★★★★☆
あらすじ
乗り合わせた列車内で殺人事件に遭遇した名探偵エルキュール・ポアロ。
感想
ケネス・ブラナー演じる主人公ポワロの髭が惚れ惚れするほど立派だった。昔は皆こんな風に髭を伸ばしていたのに、なんでいつの間にか誰もしなくなってしまったのだろう。背広の時に帽子をかぶるスタイルというのも見ることが無くなった。同じように今は普通の身だしなみだが、100年後には誰もしなくなっているものがやっぱりあったりするのだろうか。ネクタイがそうかなと思ったが、案外スーツ自体を誰も着なくなっていたりするのかもしれない。

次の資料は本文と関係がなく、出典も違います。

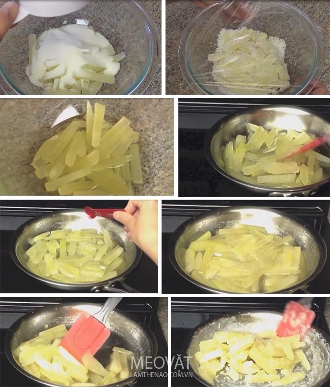 - Đến khi đường kết tinh, bạn vẫn đảo tay liên tục để cho các miếng khoai tách riêng biệt không dính. Cuối cùng bạn cho hương vani vào, đun thêm một phút nữa thì tắt bếp.
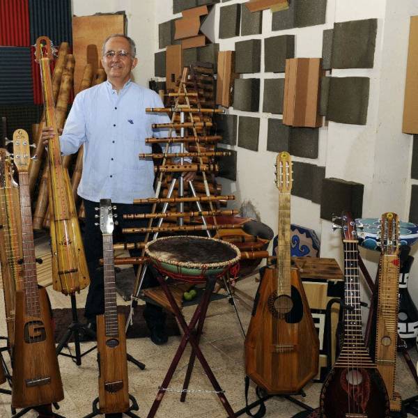 “Yo soy la tercera generación de creadores de instrumentos de cuerda de la familia Ganchozo”, cuentaGanchozo, de 52 años. Su abuelo Sabulón, quien vivía en Calceta (Manabí), construía bandolines, bandolas y vihuelas. Las siguientes generaciones se enfocaron en las guitarras y requintos. Sin embargo, él siguió un camino paralelo y combinó las habilidades heredadas de su familia con sus investigaciones sobre la música de la Costa. De ese interés surgió su idea de construir instrumentos con caña guadua y barro. Materiales poco comunes para un lutier.
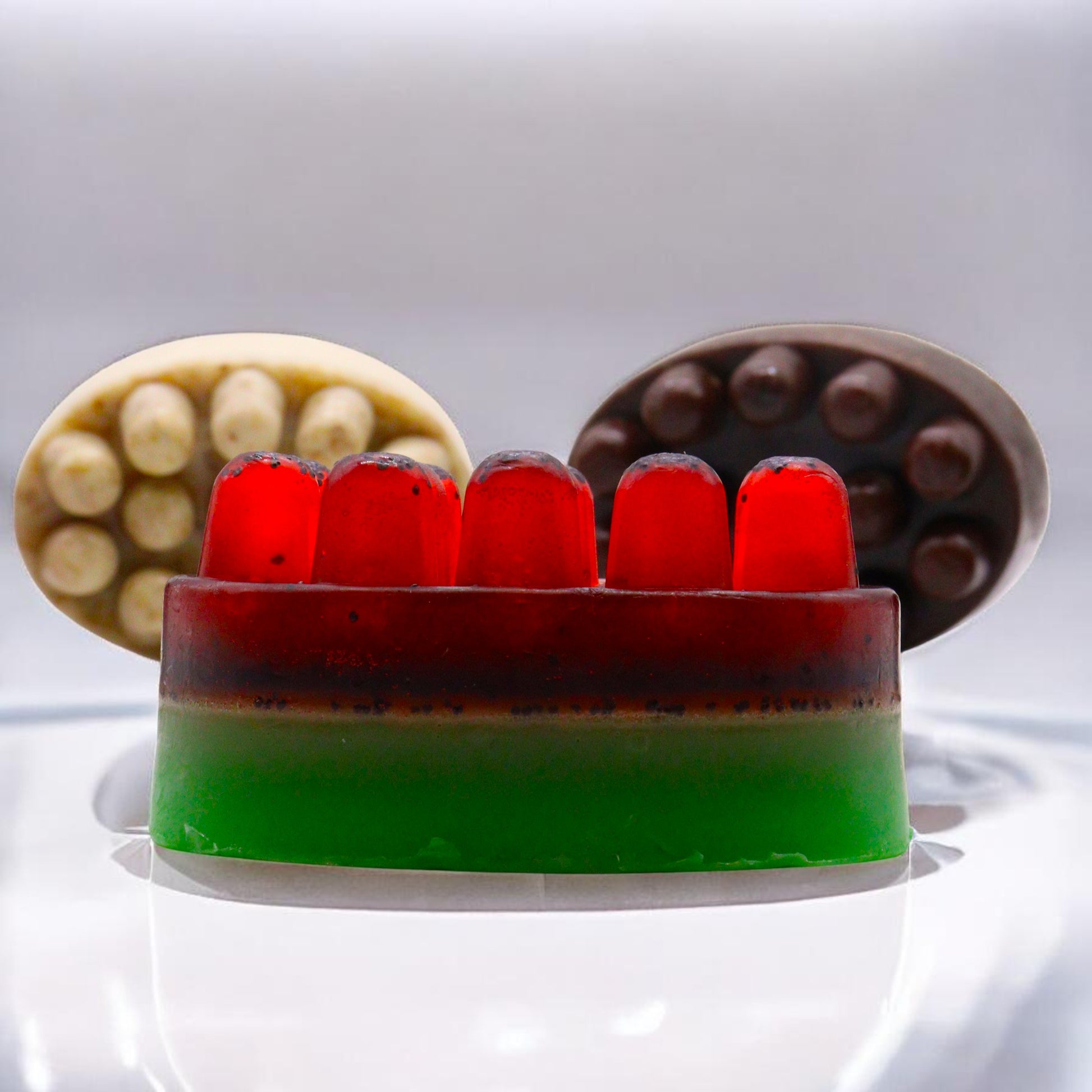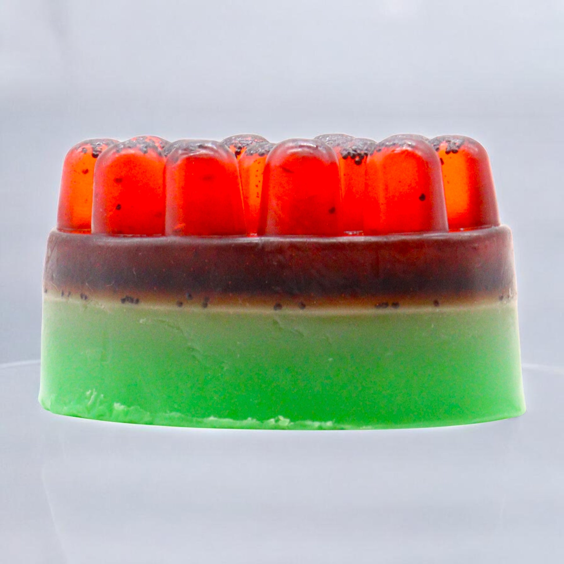 Chaque pain de savon de 130 g (8,3 × 5,8 × 4 cm) présente une surface nodulée conçue pour stimuler la circulation pendant le lavage.
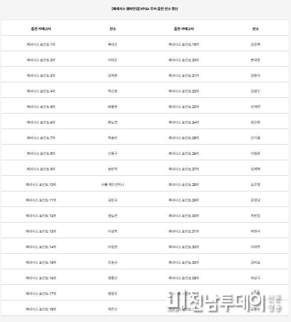 제네시스 포인트 1위 옥태훈(27.금강주택)을 비롯해 2위 이태훈(35.캐나다), 3위 김백준(24.속초아이), 4위 최진호(41.COWELL), 5위 배용준(25.CJ), 6위 문도엽(34.DB손해보험), 7위 최승빈(24.CJ), 8위 신용구(34.금강주택), 9위 송민혁(21.CJ), 10위 사돔 깨우깐자나(27.태국)까지 제네시스 포인트 TOP10 선수들과 36위 정한밀(34.경희), 37위 김동민(27.NH농협은행)까지 제네시스 포인트 상위 36명이 참가자 명단에 이름을 올렸다.
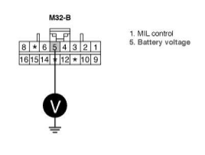 3. Measure voltage between terminal 5 of instrument cluster harness connector and chassis ground.
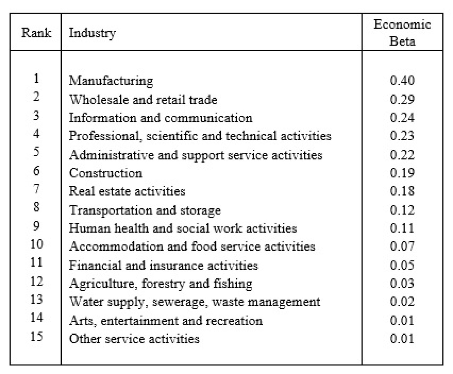 Tabel 1 – Rangschikking van economische bèta
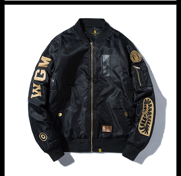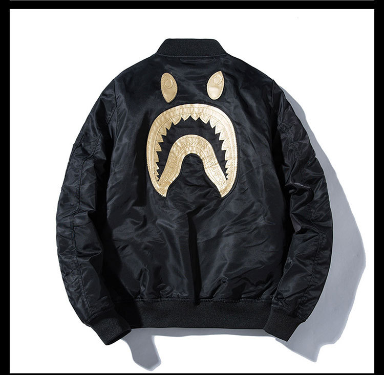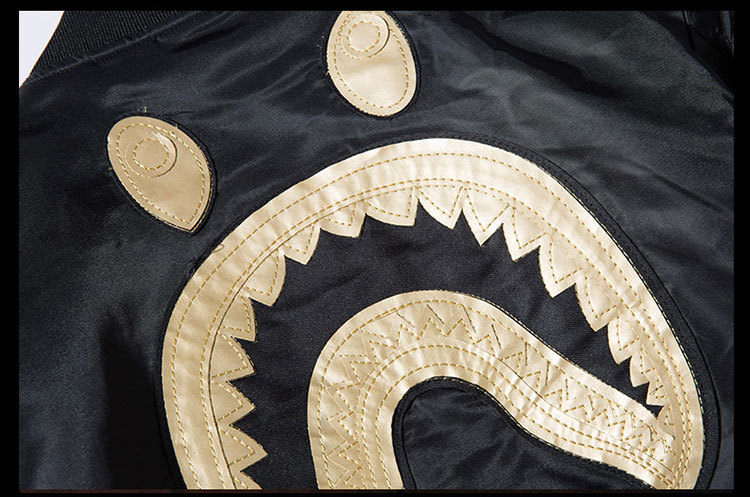 Embroidered Jacket Men's Autumn And Winter Shark Loose American Retro Couple Baseball Uniform Women's Thickened Pilot Jacket Fashion Brand
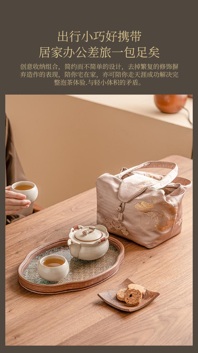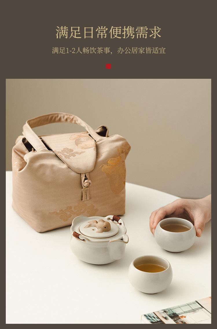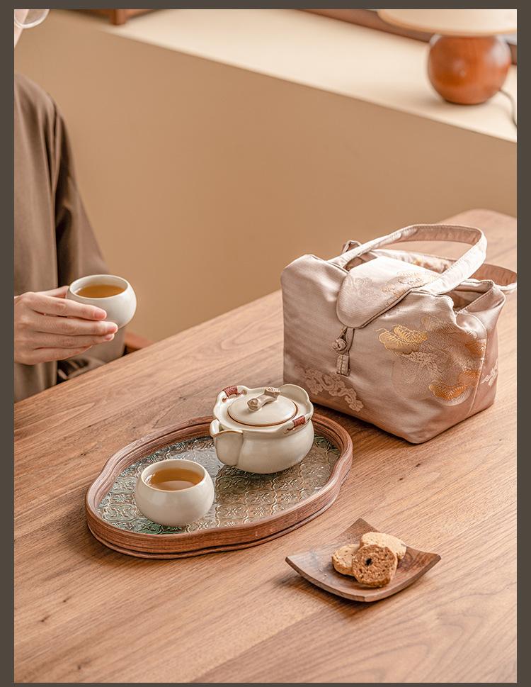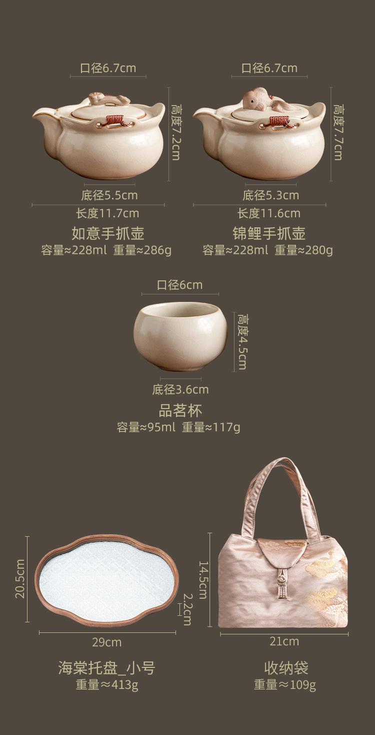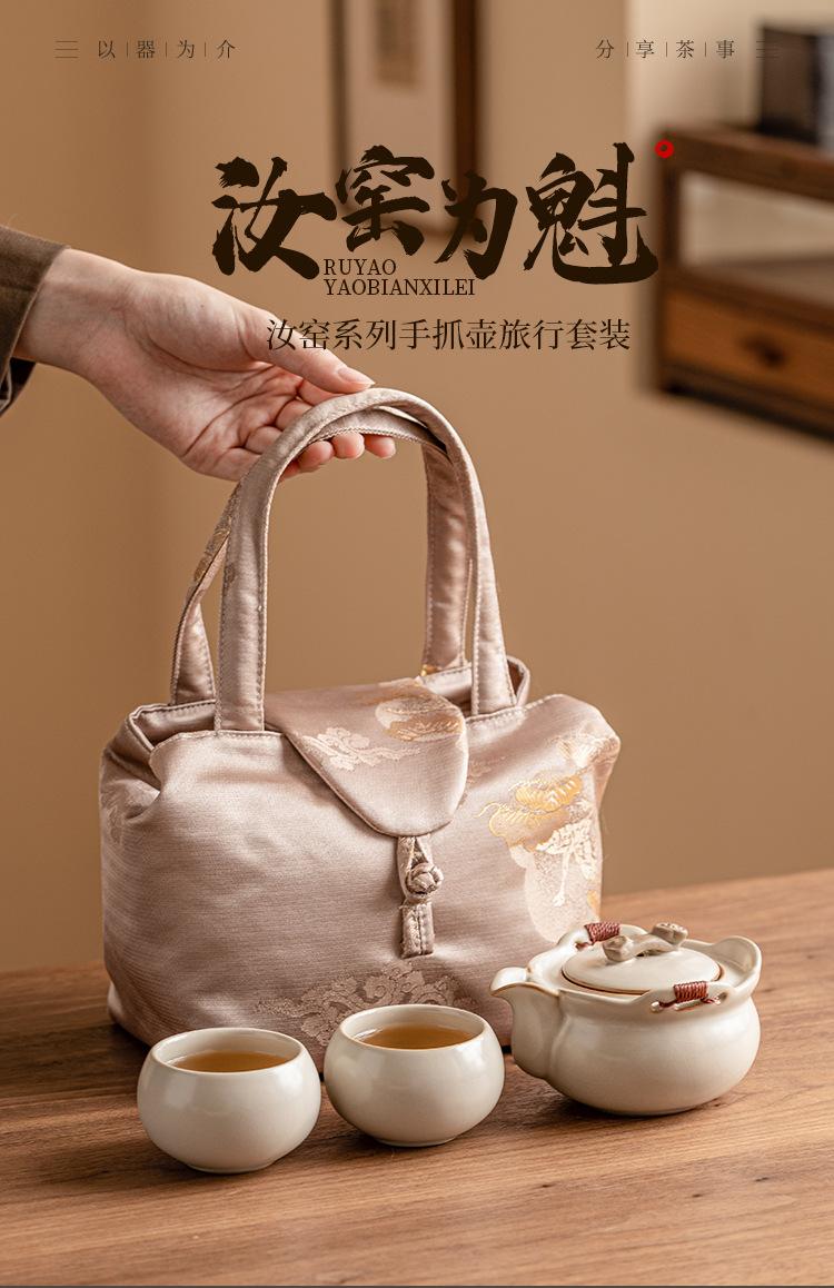 Beige ru kiln_ruyi hand pot, one pot and two cups [brocade bag]
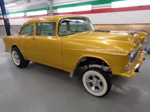1955 CHEVY GASSER, NUCLEAR YELLOW (DECEPTION) 1200 MILES. THIS IS THE BADDEST 55 CHEVY GASSER ON THE PLANET. ON THE COVER OF ROD & CUSTOM MAGAZINE. THIS GASSER IS STUNNING, INSIDE.OUTSIDE, ENGINE & COMPARTMENT. TRUNK, UNDERSIDE IS NICE AS THE OUTSIDE.THIS GASSER DRAWS CROWDS EVERYWHERE IT GOES, I HAVE 100S OF HIGH DEFINITION PHOTOS OF EVERYWHERE ON THE CAR JUST ASK FOR THEM IF YOU ARE INTERESTED IN PURCHASING AND I WILL EMAIL THEM. THE RADIUS WHEEL ARCHES REALLY MAKE A GASSER LOOK SO MUCH BETTER THAN THE SQUARE WHEEL ARCHES. PICTURES DO NOT DO THIS CAR JUSTICE. GO TO YOUTUBE.COM TO VIEW VIDEOS. TYPE IN 1955 CHEVY GASSER NUCLEAR YELLOW PART1. ALSO TYPE IN THE SAME FOR PART2. THIS GASSER CAN BE SEEN ANYTIME IN LAS VEGAS BY APPOINTMENT. THIS GASSER IS NOT CHEAP AS IT IS THE BADDEST OF THE BAD LOOK AT THE PHOTO IN THE ADD WITH ALL THE SPECS ON THE CAR GOOD LUCK BIDDING
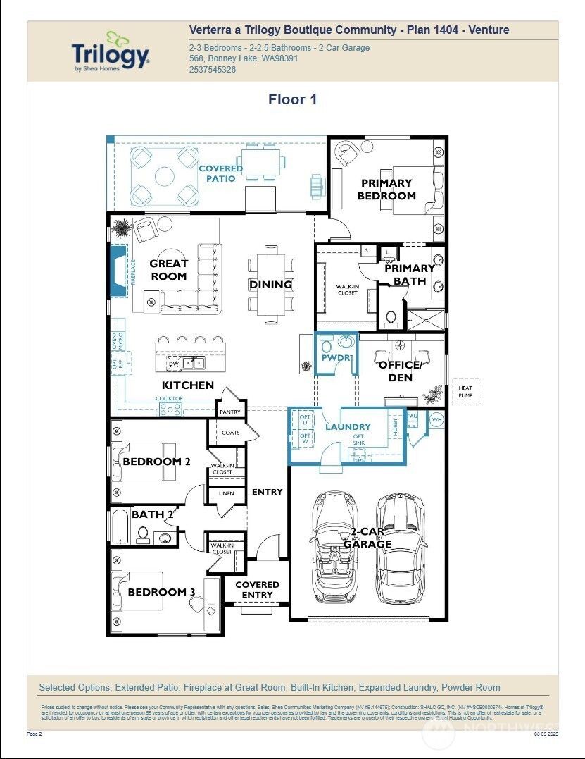 Discover elevated 55+ living at Verterra in Tehaleh, a newly built community designed for true resort-style comfort. This move-in-ready Venture floor plan offers 2 bedrooms, 2.25 baths, a versatile den, and refined designer finishes throughout. The open layout centers around a light-filled great room featuring a gas fireplace, an expansive kitchen with a large island perfect for gatherings, and seamless access to a covered patio ideal for relaxing or entertaining. Enjoy the perfect balance of convenience and tranquility with nearby dining, shopping, and recreation in Tacoma, plus easy access to Seattle just 40 minutes away. Crafted by America's Most Trusted Active Adult Resort Builder for 14 Years, don't wait to dive into joy with this immaculate home—Live Happier® at Verterra today!
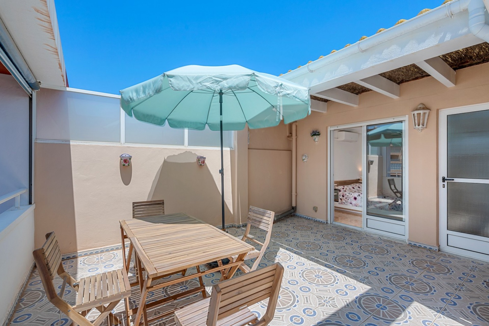 Het ruime, zonnige privéterras met uitzicht op het gemeenschappelijke zwembad is toegankelijk zowel via de slaapkamer op de bovenverdieping als via een aparte ingang.
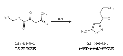 1.通过乙酰丙酮酸乙酯合成5-甲基-3-异噁唑羧酸乙酯,收率约82%;
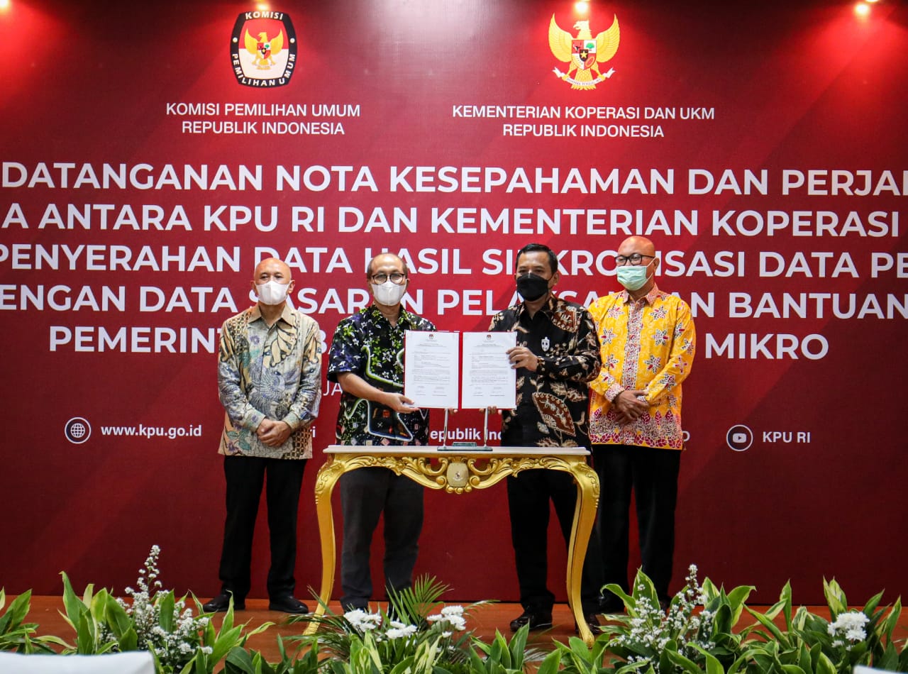 “Kami membutuhkan dukungan data KPU untuk memvalidasi data pelaku usaha mikro calon penerima BPUM, terutama untuk item data NIK, Nama, jenis Gender dan Alamat. Data dari KPU kita perlukan agar penyaluran program BPUM lebih tepat sasaran,” kata Menteri Koperasi dan UKM Teten Masduki, pada acara penandatanganan nota kesepahaman dan perjanjian kerjasama antara Kementerian Koperasi dan UKM dengan KPU, di Jakarta, Kamis (29/4/2021).
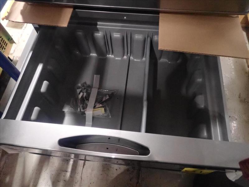 Samsung pedestal storage drawer, mod. WE402NP/A3, stainless steel finish, 27 in. W, T3 refurbished
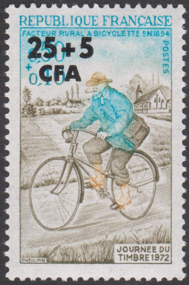 Frankreich MiNr. 1784 erschien am 18.03.1972 zum Tag der Briefmarke 1972 und zeigt einen Landbriefträger auf seinem Fahrrad, hier als Maximumkarte mit Ersttagsstempel PARIS:

そして、ベルギー人のポワロが話す英語はかなり訛りが強い。このケネス・ブラナーの演技は、ネイティブの人からするとクサく感じそうな気がするがどうなのだろうか。でもこの主人公の強い訛りの喋り方や無駄に立派な髭は、きっと容疑者を油断させるための作戦のひとつなのだろうなという気がする。
割と豪華な出演陣の中では、ジョニー・デップの相変わらずの存在感が印象的だった。出番は多くないし、特に何をするわけでもないのだが、ちょっとした仕草だけで人を惹きつけてしまう。見過ごせない引っ掛かりを必ず残す。その他の出演者たちもそれぞれに見せ場があって、こういう容疑者がたくさん生まれる密室の推理物は、役者にとって演じがいのあるジャンルの作品と言えそうだ。
終盤の謎解き場面での、画面いっぱいに容疑者たちが横一列に並んで座るシーンは、まるでレオナルド・ダヴィンチの「最後の晩餐」のようだった。壮観な映像で、これからクライマックスが始まるぞというワクワク感があって良かった。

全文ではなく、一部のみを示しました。